Apomixis for no bacteria-induced thelytoky in Diglyphus wani (Hymenoptera: Eulophidae)

Abstract

In Hymenoptera species, the reproductive mode is usually arrhenotoky, where haploid males arise from unfertilized eggs and diploid females from fertilized eggs. In addition, a few species reproduce by thelytoky, where diploid females arise from unfertilized eggs. Diploid females can be derived through various cytological mechanisms in thelytokous Hymenoptera species. Hitherto, these mechanisms were revealed mainly in endosymbiont-induced thelytokous Hymenoptera species. In contrast, thelytokous Hymenoptera species in which a reproductive manipulator has not been verified or several common endosymbionts have been excluded were paid less attention in their cytological mechanisms, for instance, Diglyphus wani (Hymenoptera: Eulophidae). Here, we investigated the cytological mechanism of D. wani using cytological methods and genetic markers. Our observations indicated that the diploid karyotypes of two strains of D. wani consist of four pairs of relatively large metacentric chromosomes and one pair of short submetacentric chromosomes (2n = 10). The arrhenotokous strains could complete normal meiosis, whereas the thelytokous strain lacked meiosis and did not expulse any polar bodies. This reproductive type of lacking meiosis is classified as apomictic thelytoky. Moreover, a total of 636 microsatellite sequences were obtained from thelytokous D. wani, dominated by dinucleotide repeats. Genetic markers results showed all three generations of offspring from thelytokous strain maintained the same genotype as their parents. Our results revealed that D. wani is the first eulophid parasitoid wasp in Hymenoptera whose thelytoky was not induced by bacteria to form an apomictic thelytoky. These findings provide a baseline for future inner molecular genetic studies of ameiotic thelytoky.

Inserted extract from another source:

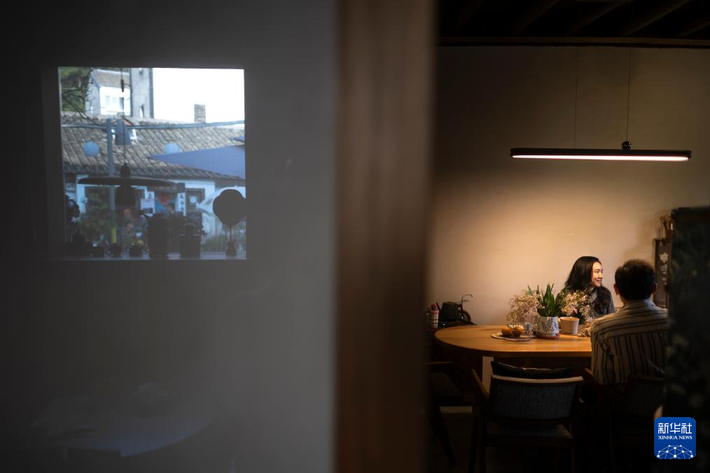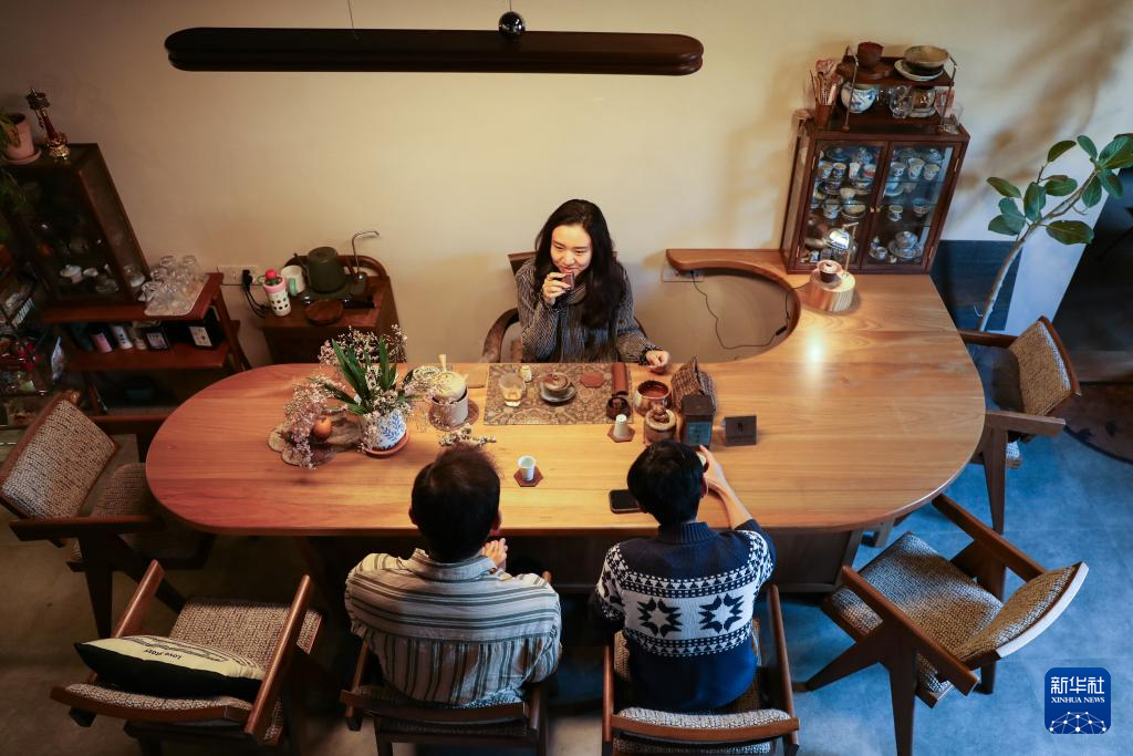 12月13日,在上圍村魚里茶空間,主理人黃煜(左)為客人泡茶。新華社記者 伍志尊 攝pagebreak

Keywords: apomictic thelytoky; cytological mechanism; heterozygosity; karyotype; microsatellite.

FIGURE 1

Different cytological mechanisms of automictic thelytoky during meiosis and their genetic effects on progeny at a locus in the event of and without recombination. The circle represents the nuclei. Vertical lines indicate chromatids, small circles connecting vertical lines indicate centromeres, and the lowercase letters indicate alleles at specific loci. The four different colored dashed lines point to four different cell fusion processes of automixis. The parent is heterozygous, indicated by ab. Homozygous progeny was indicated by aa or bb.

FIGURE 2

Karyotypes of two strains of Diglyphus wani. (A) Thelytokous female (2n = 10) (B) arrhenotokous female (2n = 10).

FIGURE 3

Chromosomes in the deposited eggs of the arrhenotokous strain. (A) Egg, creamy white or yellowish white, anterior at the top; (B) First metaphase of meiosis after oviposition; (C) sperm, found in freshly laid and sectioned eggs; (D) first anaphase of meiosis; (E) prophase of second meiosis; (F) second anaphase of meiosis and the first polar body with 5 chromosomes delayed at metaphase; (G) despiralized spermatozoon (H) the end of fertilization of female and male pronuclei (I) diploid telophase of first somatic mitosis.

FIGURE 4

Chromosomes in the deposited eggs of the thelytokous strain (A) egg, creamy white, anterior at the top; (B) first metaphase (C) first anaphase; (D) second telophase.

FIGURE 5

The number of three microsatellites types gained from six thelytokous D. wani. P1 ∼ P4 and P6 represent mono-, di-, tri-, tetra-, and hexanucleotide repeats of perfect types.